(Beginning of DATA TO USE)
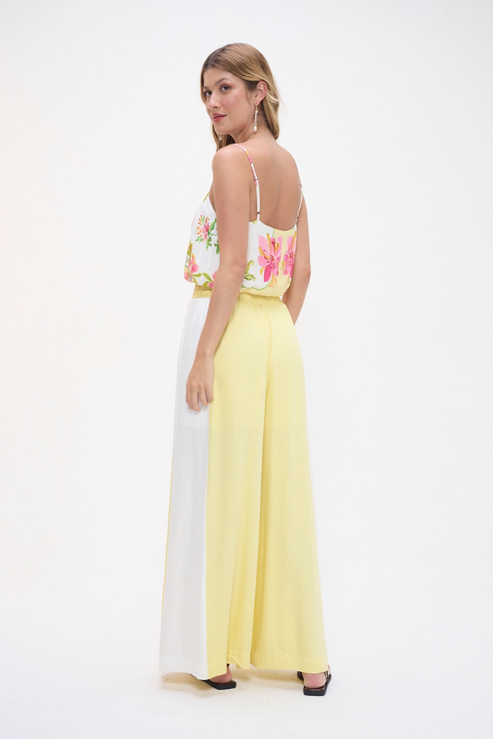 Calça Bicolor Limoncello combina estilo e conforto com cós largo em elástico, oferecendo ajuste perfeito e liberdade de movimento. Versátil, pode ser usada em diferentes ocasiões do dia.
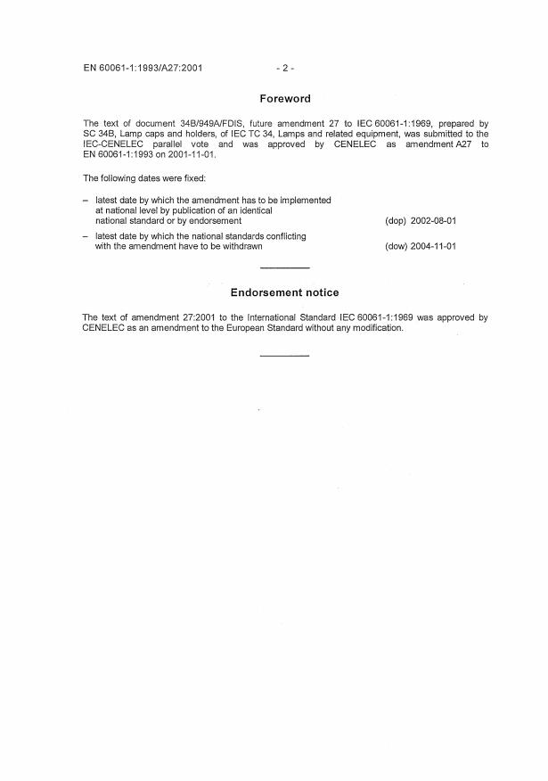 and safety – Part 1: Lamp caps - Amendment A27 (IEC 60061-1:1969/A27:2001)
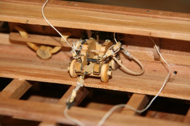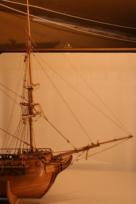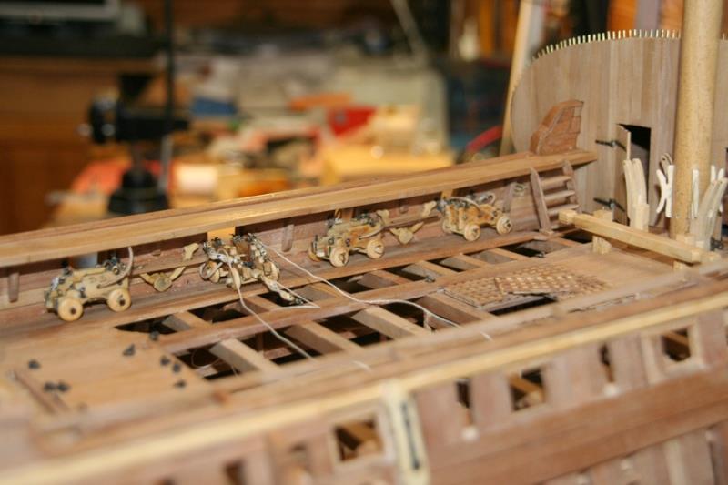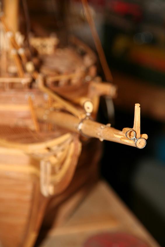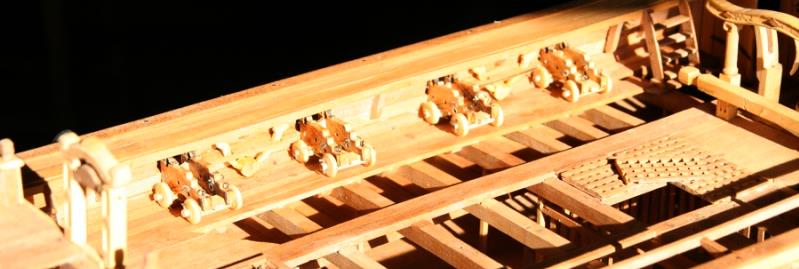 "La mer étant calme ,pas de vaisseau en vue,donc un seul canon en batterie, les autres rangés sous le passe avant."
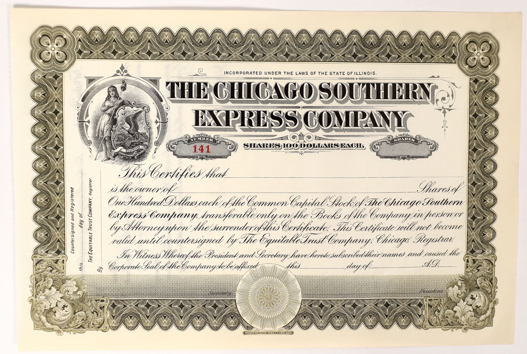 Chicago Southern Express Co, Stock, Incorp Illinois, No. 141, u/i, u/c, unsigned, 19XX, 11x8", 1 cert
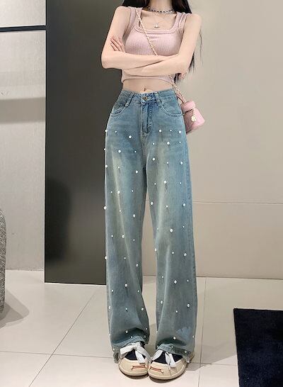 2024 初秋 デニムパンツ パンツ デニム ジーンズ スキニー レッグ ハイウエスト 脚長効果 美脚効果 細見え 水色 ライトブルー ストリート系 カジュアル ズボンファッション デザインお出 韓国 | gizshop
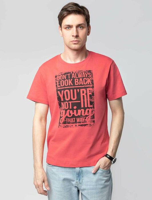Совместные покупки Магнитогорск Мужская одежда Футболки — Акция Vilatte Футболка из премиального хлопка с принтом U49.004 коралловый_dont
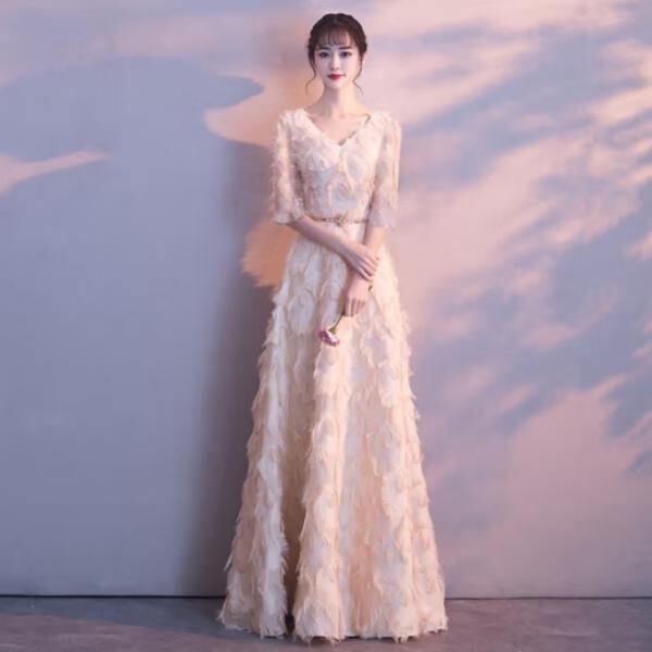 ドレス パーティードレス ロング丈 五分袖 蝶々 Vネック 大人可愛い フォーマル 結婚式 二次会 お呼ばれ hin-1010
(End of DATA TO USE)
The task requires the full listing to be given again verbatim, without its pictures.

 Calça Bicolor Limoncello combina estilo e conforto com cós largo em elástico, oferecendo ajuste perfeito e liberdade de movimento. Versátil, pode ser usada em diferentes ocasiões do dia.
 and safety – Part 1: Lamp caps - Amendment A27 (IEC 60061-1:1969/A27:2001)
 "La mer étant calme ,pas de vaisseau en vue,donc un seul canon en batterie, les autres rangés sous le passe avant."
 Chicago Southern Express Co, Stock, Incorp Illinois, No. 141, u/i, u/c, unsigned, 19XX, 11x8", 1 cert
 2024 初秋 デニムパンツ パンツ デニム ジーンズ スキニー レッグ ハイウエスト 脚長効果 美脚効果 細見え 水色 ライトブルー ストリート系 カジュアル ズボンファッション デザインお出 韓国 | gizshop
Совместные покупки Магнитогорск Мужская одежда Футболки — Акция Vilatte Футболка из премиального хлопка с принтом U49.004 коралловый_dont
 ドレス パーティードレス ロング丈 五分袖 蝶々 Vネック 大人可愛い フォーマル 結婚式 二次会 お呼ばれ hin-1010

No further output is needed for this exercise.